Start of EXERCISE INPUT
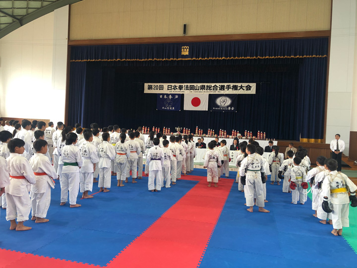 今治拳友会少年部から、岡山県大会に挑戦する子ども達は3名、伊丹支部、岩国支部併せて合計17名参加、2名欠場。
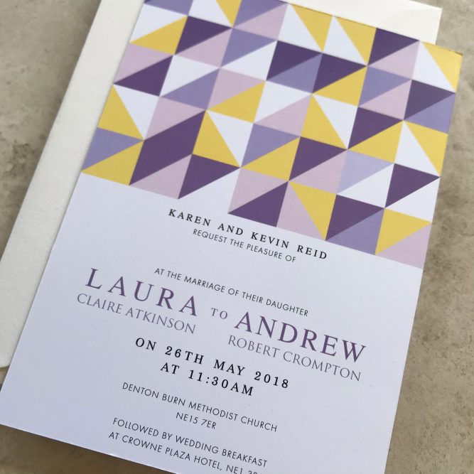 We took a geometrical pattern and then incorporated the couples wedding colours of yellows, purples and pinks. They really liked a pearlised paper which was sourced for them, giving a subtle shimmer to the finished product.
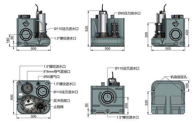 - 入水口:4xφ110,5xφ50
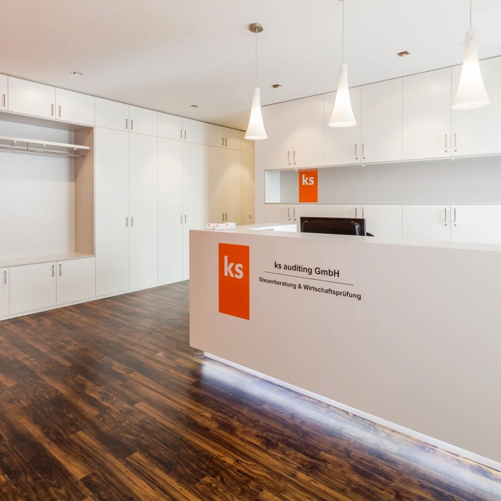 - Büroräume: raumhohe Einbauschränke, Wandanschluss durch flächenbündige Blenden
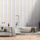 Verlicht met dit frisse en luchtige pastelbehang. Het papier, voorzien van verticale strepen in ijskleuren, is een frisse wind voor elke ruimte. Breng een kalmerende en grillige uitstraling naar de kinderkamer of speelkamer; geniet van de eenvoudige charme van ligstoelstrepen in het zomerhuis of de strandhut; of creëer een verfrissende, aan zee geïnspireerde doucheruimte.
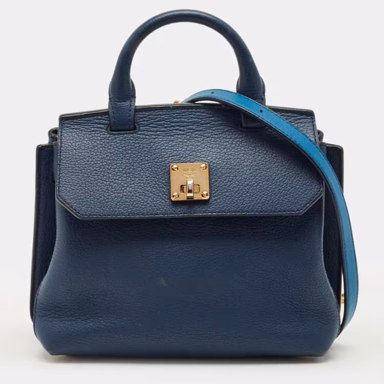 Pre Owned حقيبة يد علوية إم سي إم من جلد بلونين أزرق مع غطاء ميلا فلاب
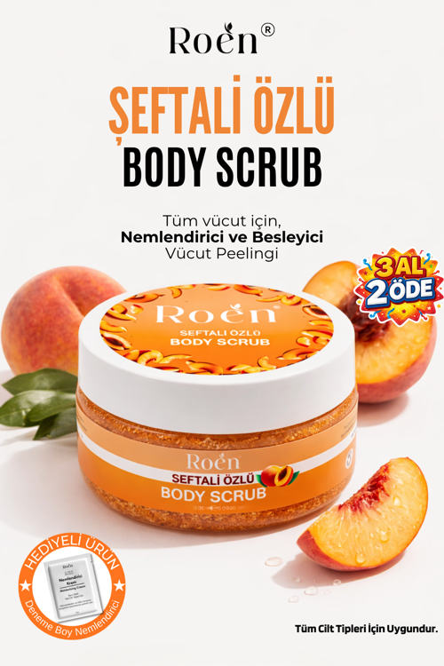 Roen Vücut Peeling, Yoğun Nem Desteği, Batık, Karartı, Leke, Arındırıcı Tropik Şeftali Özü Scrub 250 ml
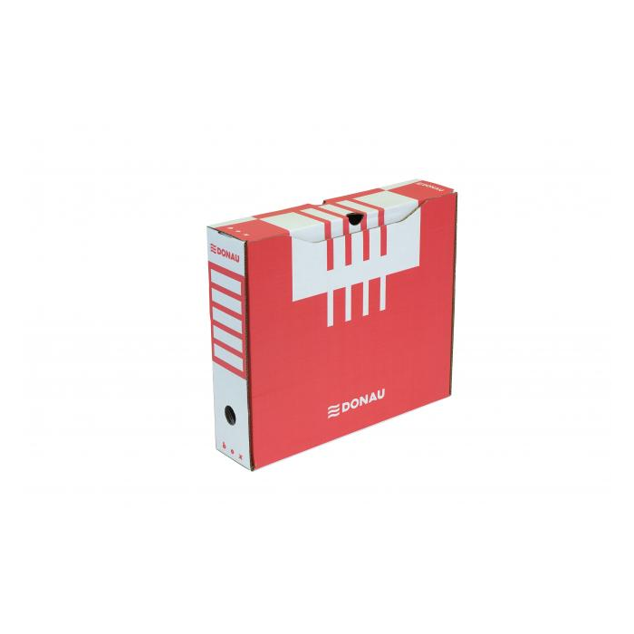 Archívny box z trojvrstvovej lepenky s certifikátom FSC® (drevo na jej výrobu pochádza z lesov, obhospodarovaných udržateľným spôsobom), bez obsahu kyseliny (pH 7,5). Vhodný na archiváciu dokumentov do formátu A4 s otvorom na ľahkú manipuláciu. Možnosť archivovať aj zakladač Donau. Predtlače na popis na dlhšej i kratšej strane umožňuje skladovanie vo vodorovnej aj zvislej polohe. Box je využiteľný samostatne alebo v kombinácii s archivačnými krabicami. Gramáž 390 g. Rozmery 297x80x339mm. Väčšie balenie 20 ks.
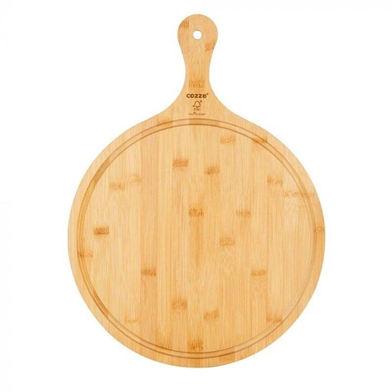 The 90316 Cozze® pizza board with handle is an essential tool for pizza lovers and culinary professionals, designed to elevate your pizza-making experience. Crafted from high-quality bamboo, this pizza board combines functionality with style, featuring a convenient handle that allows for easy maneuvering and serving. With a generous surface area, it provides ample space for preparing, baking, and slicing your favorite pizzas. The board is LFGB approved, ensuring it meets rigorous food safety standards for direct contact with food. The natural bamboo material is not only eco-friendly but also resistant to moisture and odors, making it a durable choice for your kitchen. The smooth surface of the board facilitates easy dough handling, preventing sticking and ensuring a seamless cooking experience. The handle adds an extra layer of convenience, allowing you to easily transfer pizzas from the oven to the table without the risk of burns or spills. Its elegant design makes it perfect for serving pizzas directly to guests, adding a touch of sophistication to any dining occasion. Additionally, the lightweight construction ensures that it is easy to lift and maneuver, making it suitable for both home cooks and professional chefs. Easy to clean and maintain, the Cozze® pizza board is a practical addition to any kitchen, ensuring that you can create delicious homemade pizzas with ease and style.
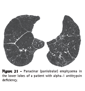 Panacinar (panlobular) emphysema involves all portions of the acinus and, reasonably uniformly, the secondary pulmonary lobule. It predominates in the lower lobes and is the form of emphysema associated with alpha-1 antitrypsin deficiency. Panacinar emphysema is seen on CT scans as a generalized decrease in the attenuation of the lung with a reduction in the diameter of the blood vessels in the affected areas, with or without distortion of these vessels (Figure 21).(37,38,42) Severe panacinar emphysema can coexist and merge with severe centriacinar emphysema. On CT scans, it can be indistinguishable from the findings of severe constrictive bronchiolitis.
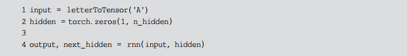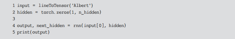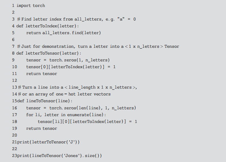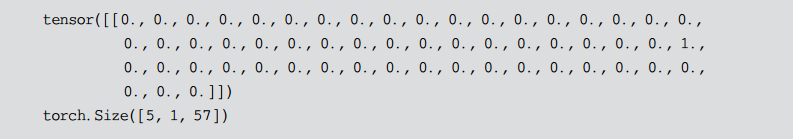 可以观察到数据的维度是<line_length×1×n_letters>,而不是<line_length×n_letters>,是因为额外的1维是因为PyTorch假设所有内容都是批量的——在这里只使用1的batchsize。
End of EXERCISE INPUT
**TASK DESCRIPTION**
Return only the lines running from the top of the data to the line that holds "- Büroräume: raumhohe". Include both of those lines, but skip the pictures.

**TASK RESPONSE**
 今治拳友会少年部から、岡山県大会に挑戦する子ども達は3名、伊丹支部、岩国支部併せて合計17名参加、2名欠場。
 We took a geometrical pattern and then incorporated the couples wedding colours of yellows, purples and pinks. They really liked a pearlised paper which was sourced for them, giving a subtle shimmer to the finished product.
 - 入水口:4xφ110,5xφ50
 - Büroräume: raumhohe Einbauschränke, Wandanschluss durch flächenbündige Blenden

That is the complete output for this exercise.